Awlaki was previously viewed simply as an Islamic preacher espousing a radical religious viewpoint, but the reassessment of his status began last year when it was disclosed that Army Maj. Nidal Hassan had been communicating with Awlaki via e-mail before the Army psychiatrist allegedly shot and killed 12 soldiers and one civilian at Fort Hood in Texas last November.

A month later, on Christmas Day, a young Nigerian man, Umar Farouk Abdulmutallab, tried to blow up a Northwest Airlines jetliner over Detroit, and US intelligence officials revealed that Abdulmutallab had been a student of Awlaki’s in Yemen. Though Awlaki denied ordering the attack, word began to spread that the CIA was adding Awlaki to a list of about two dozen people targeted for assassination.

Multiple press reports now indicate that Awlaki has been put on the death list, a move that the Obama administration justifies by claiming to have information that Awlaki has shifted from denouncing the United States to plotting violent acts against Americans.

An unnamed US official told the Washington Post that Awlaki "recently became an operational figure for al-Qaeda in the Arabian Peninsula" who is "working actively to kill Americans, so it's both lawful and sensible to try to stop him." Another US official told the Post that Awlaki is in  "everybody’s sights."  

"The danger Awlaki poses to [the United States] is no longer confined to words; he’s gotten involved in plots," a US official told the New York Times, adding:

"The United States works, exactly as the American people expect, to overcome threats to their security, and this individual — through his own actions — has become one. Awlaki knows what he’s done, and he knows he won’t be met with handshakes and flowers. None of this should surprise anyone."

After the 9/11 attacks, Bush reportedly signed a classified intelligence finding that authorized the CIA and the US military to target and kill Americans abroad who were suspected of carrying out terrorist plots against the United States or US interests, and who posed an imminent threat.

Former government officials said no Americans were placed on the Bush-era list. However, in November 2002, a CIA Predator drone armed with Hellfire missiles targeted a car driving through the desert in Yemen, killing six alleged al-Qaeda operatives, one of whom was an American citizen, Kamal Derwish.

The CIA’s target was Abu Ali al-Harithi, one of the suspected planners of the attack on the USS Cole in 2000, but the CIA knew Derwish was in the car.

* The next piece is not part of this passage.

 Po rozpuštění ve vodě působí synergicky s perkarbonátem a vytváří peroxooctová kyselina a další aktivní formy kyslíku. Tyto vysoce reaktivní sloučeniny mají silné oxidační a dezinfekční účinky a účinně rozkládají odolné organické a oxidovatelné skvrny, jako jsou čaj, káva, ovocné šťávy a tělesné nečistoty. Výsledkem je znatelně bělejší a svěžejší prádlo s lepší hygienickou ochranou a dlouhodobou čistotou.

Derwish was associated with an alleged terrorist cell in a Buffalo, New York, suburb known as the Lackawanna Six, a group that Vice President Dick Cheney considered so dangerous that he wanted US troops dispatched to arrest them despite the Posse Comitatus Act of 1878, which generally prohibits the use of armed forces acting in a law enforcement capacity.

Awalki reportedly had already been placed on a separate, top-secret assassination list maintained by the US military’s Joint Special Operations Command (JSOC), meaning he’s now a military and CIA target.

Justifying Assassinations

While the Bush and Obama administrations have justified these lethal policies under the laws of war which permit countries to use lethal force against enemy combatants, the chief concern is that these death lists have been used to kill individuals far from any battlefield or when they are not presenting an immediate threat. 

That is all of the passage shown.